No specific laws identified for this ruling.

Claim Types

HarassmentFailure to Accommodate

Outcome

The court granted the defendants' motion for summary judgment, finding that plaintiffs failed to establish that individual defendants acted with deliberate indifference to sexual harassment and abuse by school employees, and that Granbury ISD did not have a custom, practice, or policy causing the alleged injuries.

What This Ruling Means

**What Happened** In Doe v. Granbury ISD, employees sued Granbury Independent School District claiming they experienced sexual harassment at work and that the school district failed to provide reasonable accommodations they needed. The workers argued that individual supervisors and administrators knew about the harassment but deliberately ignored it, and that the school district had policies or practices that allowed these problems to continue. **What the Court Decided** The court ruled in favor of the school district and dismissed the case.
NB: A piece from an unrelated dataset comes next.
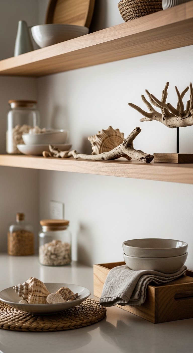 Incorporate seashells and driftwood as small decorative accents to reinforce the beachy theme. Place them in glass jars, on open shelves, or as part of a centerpiece on the island.Choose natural textures and muted tones that complement your color palette. Avoid overly polished or brightly colored shells—they should feel organic and collected.Driftwood can also be used as a base for small kitchen accessories, like cutting boards, utensil holders, or candle trays. Pair with white, blue, or sandy tones to maintain cohesion.These natural accents bring a subtle seaside charm and tactile texture, connecting the indoors with the feeling of the coast. They’re simple, inexpensive, and highly Pinterest-worthy, perfect for creating that serene, relaxed vibe.

The judge found that the employees could not prove that individual school officials deliberately ignored known harassment. The court also determined that the workers failed to show that Granbury ISD had any official policies, customs, or practices that caused their injuries. **Why This Matters for Workers** This ruling highlights how challenging it can be to win harassment and accommodation cases against employers. Workers must provide strong evidence that supervisors knew about problems and deliberately did nothing, or that the employer had policies that contributed to the harm. Simply experiencing harassment may not be enough – workers need to document that management was aware of issues and failed to act appropriately.

This summary was generated to explain the ruling in plain English and is not legal advice.